Meanwhile, the rain had stopped and the sun was peeking through the clouds. We got underway and putted slowly through narrow channels that were clogged with rafts of cut bamboo logs and other obstacles, simply enjoying, at last, the panoply of life on the river banks.
The rain returned and the temperature dropped. Our boat picked up speed as we cleared the town and entered the 600 km chain of lagoons that form the Pangalanes channel. Karel and I pulled on sweaters and rain gear and wrapped ourselves in tarps, but the wet wind was relentless. The sun set, taking away the last warmth and plunging us into murky gloom. Our boat had no lights, but the driver forged on at high speed, relying on his spotter, huddled at the bow, to warn him of obstacles.

This went on for over three hours. In other circumstances—a little food in our tummies, a blanket wrapped around us—this would have been an exhilarating thrill ride. But we’d been up since 3 a.m. We’d had almost no food all day. We’d endured rough water and seasickness, being stuffed into a public bus, pandemonium at the depot, and now, we were shivering with cold as we hurtled endlessly through the darkness.

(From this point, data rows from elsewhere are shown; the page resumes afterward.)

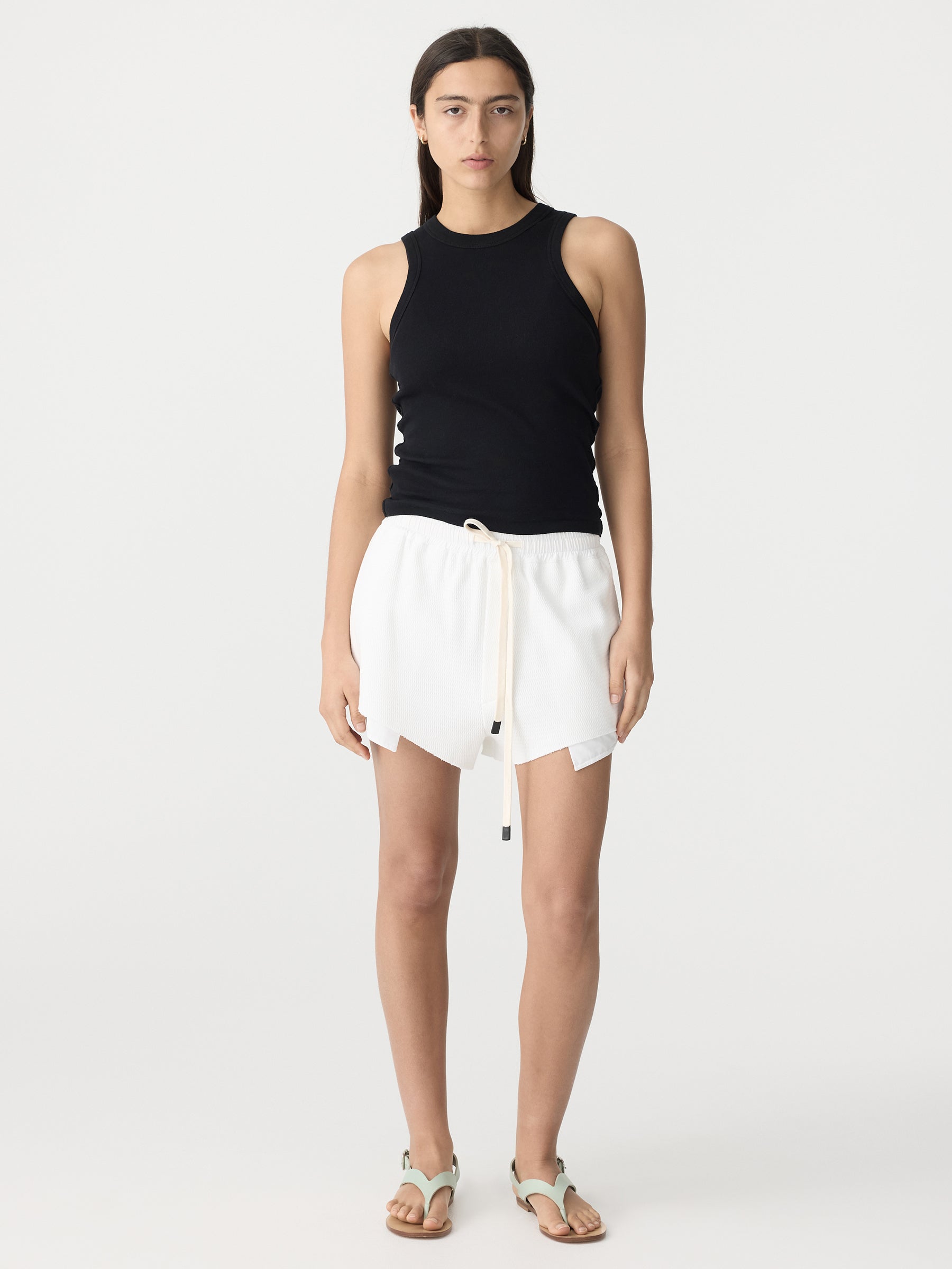 Designed for ease and comfort, the pocket detail waffle short are crafted from a 100% alternating organic cotton and heavy weight waffle construction. Designed to sit comfortable at the waist, the pull on style boasts a regular fit, loose-leg silhouette, elasticated waistband and side pockets. Refined by an external centre front drawcord and external hanging poplin pockets.
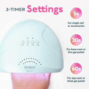 - Secagem rápida e ampla compatibilidade: o tempo médio de cura é reduzido em 50% com SUNUV. Cura rapidamente todas as suas marcas favoritas de gel para unhas, do iniciante ao profissional. O tempo exato de cura dos esmaltes de gel pode ser encontrado na embalagem do produto ou nos manuais do usuário
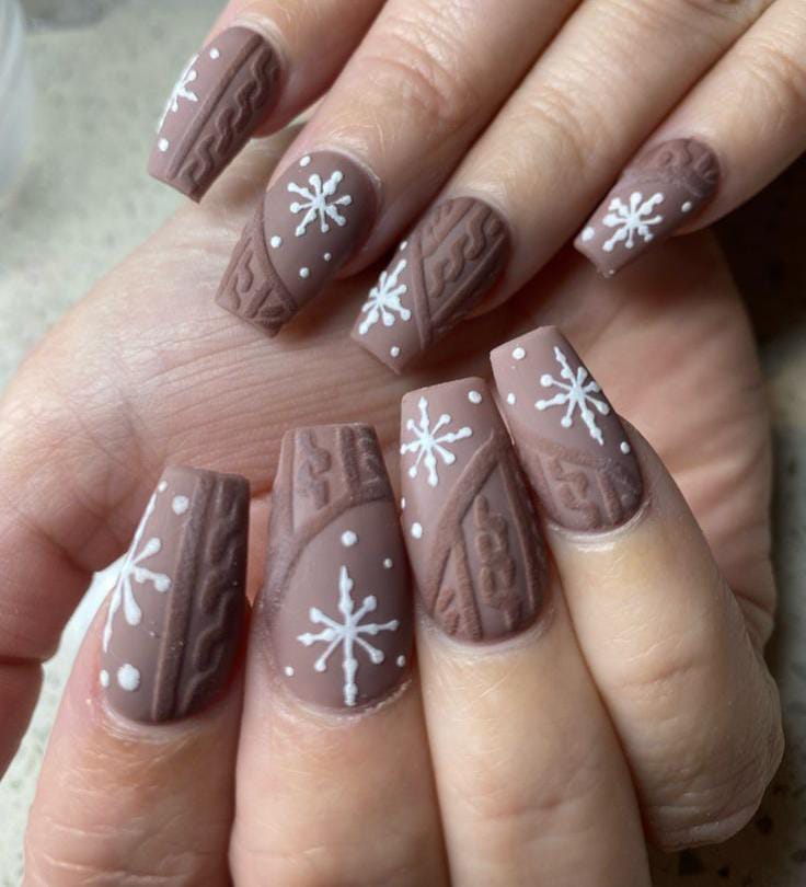 These nails combine a soft matte brown shade with sweater-texture patterns and white snowflakes for a warm, knitted-winter vibe. The raised detailing adds a cozy, tactile dimension.
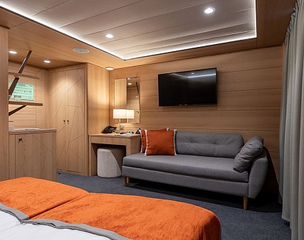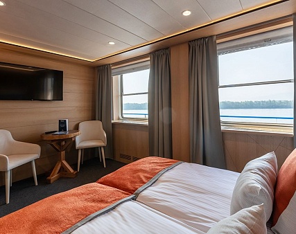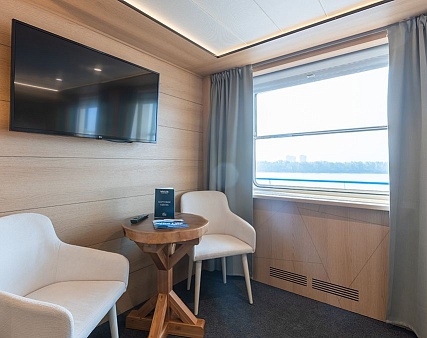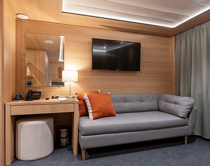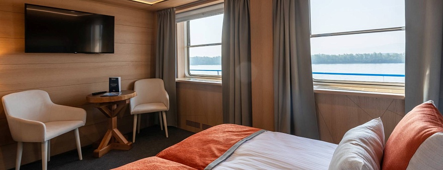 В каюте: две односпальные кровати (можно сдвинуть), диван, шкаф для одежды, холодильник, телевизор, фен, радио, сейф, два окна, электророзетка на 220V.
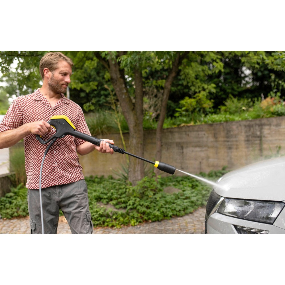 Система Quick Connect позволяет быстро подключать шланг. Многофункциональная насадка 4-в-1 обеспечивает различные типы струи без необходимости замены трубки.
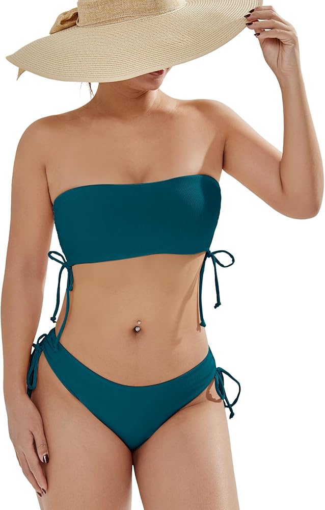 The Bandeau bikini set features with ruched bikinitop and high cut cheeky tie sides bottom, so it makes you look more charming and sexier, perfectly show off your curve.
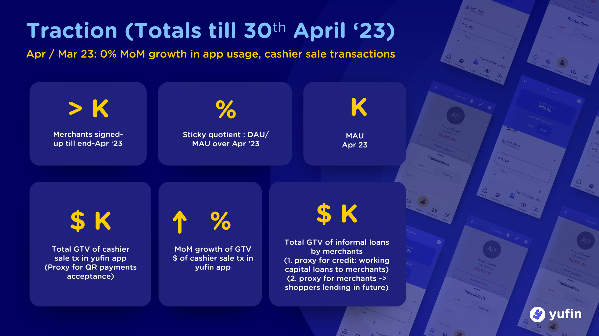 These yufin decks are heavily used by our FSAs (Field Sales Ambassadors) for app sign up events as well as potential partnerships to help merchants and business partners get to know our product and onboard them on the new updates of all the services we’re offering within the app.
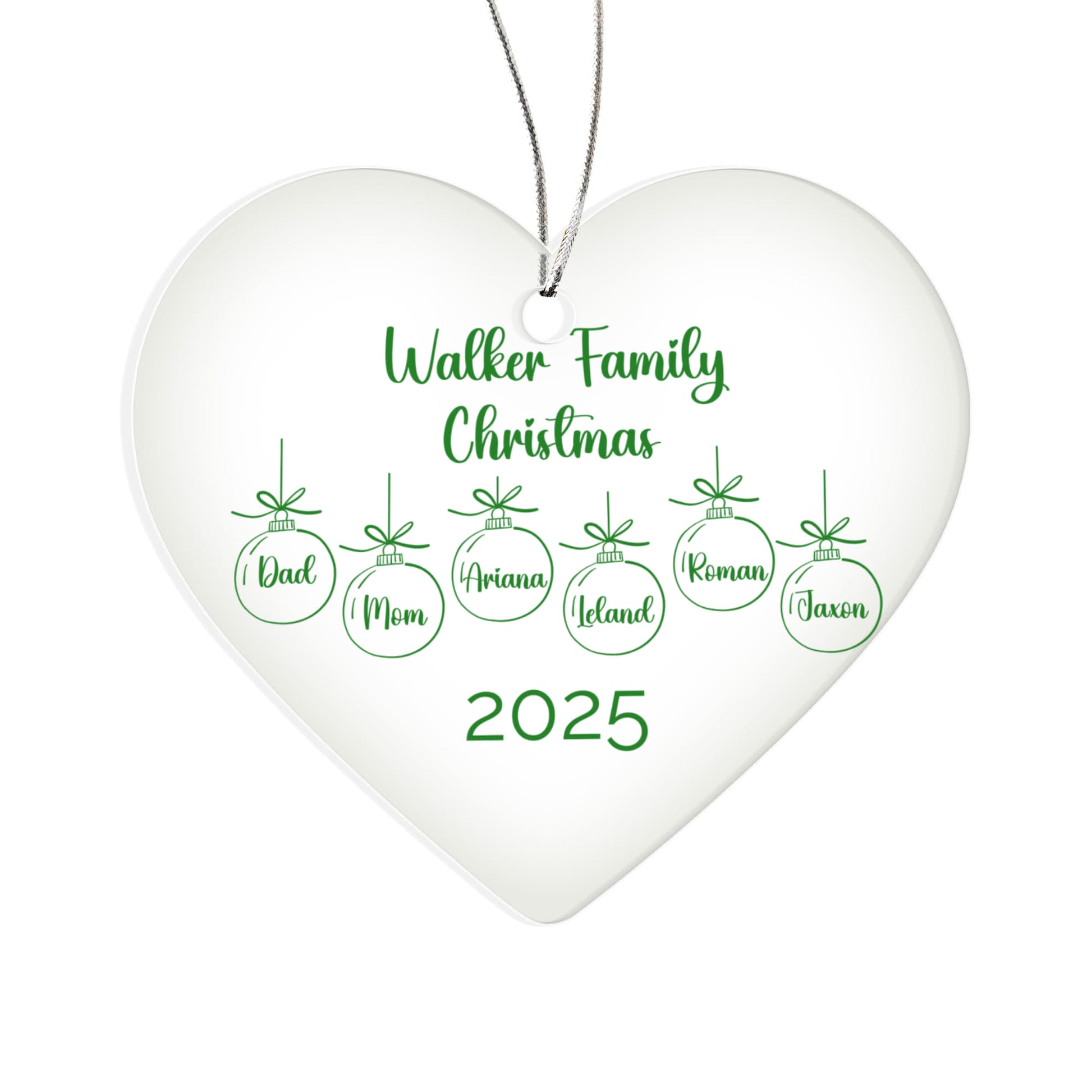 Green Personalized Family Christmas Ornaments Acrylic Heart Ornament

At last, we spotted the welcoming glow of our lodge. It took a few moments, but they put drinks in our hands and then a steward showed us to our cabin. But when he opened the door, he raised a hand to stop us. “One moment.” He looked inside, then withdrew and pulled the door shut. “I’m so sorry, there appears to be a mistake. This room is occupied.” Back to reception. Waited some more. No problem, they found another space. We were led through the rain and darkness, down steep pathways, to a large cabin. It had four rooms, but only one lightbulb. I just wanted to pull something warm and dry on and get back to the main lodge before the kitchen closed. As my eyes adjusted to the gloom, I started to notice the many, many spider webs that were everywhere, a film of grit over everything, a lack of towels, and a few other signs that the cabin hadn’t been used for a while. No problem. We’d just ask our supposedly 4-star hotel to send housekeeping over with a feather duster and a few lightbulbs while we ate dinner. We were in a jungle wilderness, after all. Spiders live here. The staff weren’t expecting to use this cabin; it simply wasn’t ready for us.
We climbed wearily back up the hill and informed management of the minor issues. Then we staggered to the dining room and ordered food. By this time, I was shaking with exhaustion and hunger. Just then, the hot cocoa arrived. I let the warm liquid chase away the chill in my bones. The ordeal was over. I could relax and eat and in 60 minutes or so, sleep. The adrenaline that had been keeping me going fled my bloodstream. I was crashing, big-time.
I wasn’t prepared, then, when the concierge appeared at our table with brusque instructions that we needed to move to yet another cabin. I burst into tears. I had already partly unpacked my bags, so now I’d have to repack, haul them back up the mountainside to God knew where in the dark and the rain, then unpack it all again because it was now damp and would be getting moldy within 24 hours—it all seemed impossible to deal with, and the sleep I needed so desperately was retreating further and further into the blackness of the future.
Somehow, I made it through the next couple of hours, although I remember very little. I think my system shutdown was unstoppable at that point, and I simply turned everything over to the hotel staff and just did whatever they told me to do. I woke up the next morning and everything was fine. The sun was shining, I was rested, and there were lemurs everywhere!